The regulator, through a notice published in the Kenya Gazette, introduced three separate charges that will be added to the cost of every unit of electricity consumed. These are the Foreign Exchange Fluctuation Adjustment, the Water Resource levy, and the Fuel Energy Cost Charge (FECC).

EPRA says the changes are part of its routine tariff review process, meant to align electricity prices with the actual cost of producing and distributing power in the country.

Currency swings push up power costs

At the centre of the new increase is the Foreign Exchange Fluctuation Adjustment, which will add 123.41 cents for every kilowatt-hour used.

This charge comes from losses linked to exchange rate movements that affect key players in the energy sector, including Kenya Power, Kenya Electricity Generating Company, and Independent Power Producers.

According to EPRA, costs related to foreign exchange in March 2026 alone crossed Sh1.3 billion. These costs are largely tied to dollar-denominated loans, imported equipment, and fuel purchases used in electricity generation.

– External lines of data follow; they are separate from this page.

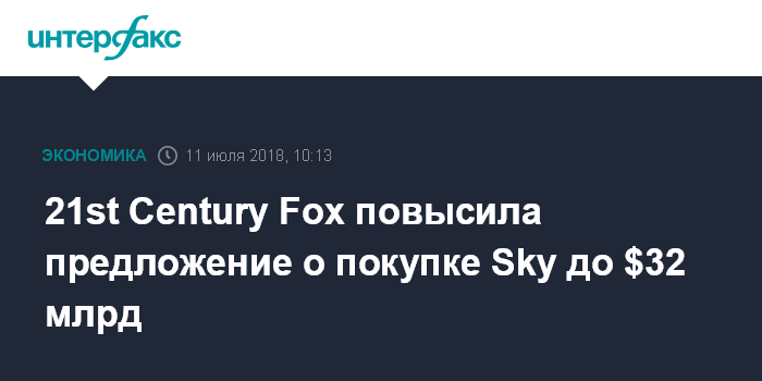 21st Century Fox повысила предложение о покупке Sky до $32 млрд
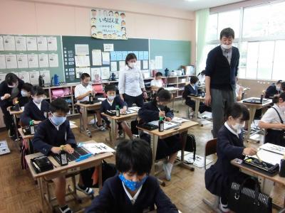 今日は、天草市教育委員会の先生、御所浦中学校の先生、東京からの学生さん(キャラバン隊)が来校されました。2時間目の5年生の国語の授業では、タブレット端末に自分の考えを残しながら、話し合いが行われました。児童は、緊張しながらも話し合いが少しずつ活発になっていく姿が見られました。緊張の中での授業、これも大切な経験です。
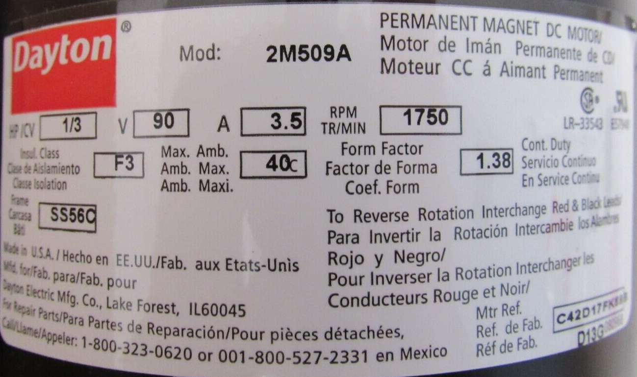 NEW DAYTON 2M509A MOTOR 90VDC 1/3HP$450.00 Out of stock SKU: 354560352850 Category: Other Description Additional information Description NEW DAYTON 2M509A MOTOR 90VDC 1/3HP B2/37 BB Additional information Weight 24.00 lbs Brand DAYTON MPN 2M509A We Buy New and Used Surplus Inventory - Sell to Us
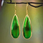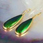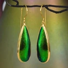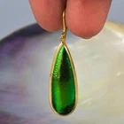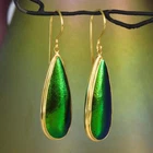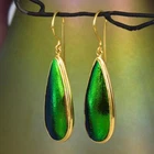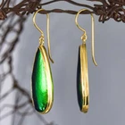 GREEN METALLIC JEWEL BEETLE WING EARRINGS with GOLD VERMEIL over STERLING SILVER – Handmade Item # : 178 0888 Type : Handmade earrings with genuine natural Jewel Beetle wing with black Mother-of-Pearl shell backing and 18K Gold Vermeil over solid 925 Sterling Silver. Amount : 1 (one) earring pair * All photos are taken from the actual item * Design : Magnificent drop-shaped JEWEL BEETLE WING EARRINGS with black Mother-of-Pearl backing and a 18K Gold Vermeil over solid 925 Sterling Silver bezel setting from our “Fauna & Flore Collection” Each piece is handmade one by one by master-craftsmen and therefore the shape, size, weight and design may vary slightly. This makes each piece a one-of-a-kind piece of art. Fauna & Flora Celebration Collection : Our celebration collection features vibrant leaves and flowers, as well as captivating creatures, all inspired by nature. Our passion for flora and fauna motivates us to craft these timeless creations. Our collection is dominated by perennial favourites like flowers, leaves, and other natural creations. Our collection has a natural appearance because of the methodical arrangement of colorful gems, carefully selected mother-of-pearl, and stones, which produce a balanced and elegant effect. One of the most delicate and breathtakingly beautiful creatures in the world flutters into our collection. Some of our most magical jewelry is inspired by the butterfly, which is whimsically colorful and so light and graceful on the wing. Pearls, Tsavorites, Rubies, Sapphires, Diamonds and other precious gemstones are prominently used in our creations. Material : Genuine untreated metallic iridescent Jewel Beetle wings, black Mother-of-Pearl and 18K Gold plated solid 925 Sterling Silver Color : Bright metallic green with a stunning silken luster and gold Gold plating : 18K Gold Vermeil 3-micron gold-plated over solid 925 Sterling Silver ~ strong and durable Shape : Teardrop Weight : approx. 4.94 grams Dimensions : Length: approx. 46.58 mm = 1.83 inches Width: approx. 11.63 mm (measured at the widest point) Thickness of shells: approx. 4.43 mm Origin : These Jewel Beetle Wings originate from Thailand are cut and backed with black Mother-of-Pearl in Bali. We buy all Jewel Beetle wing material from farms in Northern Thailand. These drop-shaped Jewel Beetle Wing earring pair is handcrafted in Bali (Indonesia) by o ur in-house Balinese master craftsmen. Origin of Sterling Silver work : Handmade in Bali by our in-house Balinese silversmiths Hallmark stamp : These earrings are hallmark stamped 925 on the bail. Jewel Beetle Wings : Jewel Beetle ~ Buprestidae Because of their glossy, iridescent colors, the Jewel Beetle family, Buprestidae, is sometimes known as metallic wood-boring beetles. In Thailand, these beetles are cultivated, and after their brief lives are over, their wings are harvested. We do not hurt the beetles, so don't worry. We offer them to someone who can skillfully craft exquisite jewelry and who appreciates their exquisite, one-of-a-kind metallic iridescence. What are Jewel Beetles? Buprestidae is a family of beetles, commonly referred to as Jewel Beetles due to the iridescent colors from green, blue, coppery and golden shades. Jewel Beetles are herbivores, which means they only eat plant material. Different species eat different parts of various plants and have different methods of finding a safe place to pupate as a result. All Jewel Beetles have 3 distinct stages of life however, with all of them hatching out of their eggs as larvae before pupating and transforming into their brilliantly colorful adult beetle forms! Larvae of this family are named flatheaded borers, and there are over 15 500 known species of Jewel Beetles! What are Jewel Beetles? The family of beetles known as Buprestidae is popularly called Jewel Beetles because of their dazzling colors! Because they are herbivores, Jewel Beetles exclusively consume plant matter. Because different species use different sections of different plants, they have varied strategies for locating a secure location to pupate. But all Jewel Beetles have three separate life stages: they all emerge from their eggs as larvae, pupate, and then become their amazingly beautiful adult beetle forms! There are more than 15,500 recognized species of jewel beetles, and their larvae are known as flat-headed borers! The three species that we use for our cabochons and jewelry are: Chrysochroa fulminans, Sternocera aequisignata and Sternocera ruficornis. These species are nearly similar, growing to lengths of 30–50 mm (1.2-2 inches), and sharing the same environment. The people of rural Thailand use these Jewel Beetles as a food source, and numerous farms raise them to meet the country's demand. We are unable to distinguish between distinct beetles based solely on their elytra! What are elytra? The portions of a beetle's exoskeleton known as elytra, or "wing-cases," are what cover the wings when they are not in use. If you have ever witnessed a "ladybug" in flight, you have undoubtedly witnessed it unfolding its wings and opening its elytra before taking off for its next destination. Elytra must be both powerful enough to safeguard these vital defence systems and lightweight enough to not impede the beetle's ability to fly and maneuver ! Knowing that earrings and other such items will withstand some banging and clashing over time simply by virtue of being worn out and about is one of the reasons we love integrating them in our jewelry! We use Mother-of-Pearl backing to support these Jewel Beetle wings, giving them even more durability. How do they have such vibrant colors? Jewel Beetles have such vivid, iridescent color because of a process known as structural coloration! In fact, the exoskeleton's microscopic structure tampers with light absorption and reflection, producing a different visual color than would otherwise be reflected. Iridescence is produced when a beetle seems to be one color (green) from one angle

The adjustment is therefore meant to help energy firms recover those costs as the shilling continues to fluctuate against major currencies.

Consumers will also see a Water Resource Management Authority (WRMA) levy of 1.54 cents per kWh added to their bills.

This charge applies specifically to hydroelectric power generation, which remains a major source of electricity in Kenya. It covers water use from dams such as Masinga, Kiambere, and Gitaru, which are key in supplying the national grid.

Although the amount is small compared to other charges, it contributes to the overall rise in the final bill and is meant to support water resource management in areas where hydropower is generated.

The most significant impact on consumers comes from the Fuel Energy Cost Charge, which adds 347 cents per kWh.

This is linked to the use of diesel and other fossil fuels in thermal power plants that are activated when demand rises or when hydropower production drops, especially during dry seasons.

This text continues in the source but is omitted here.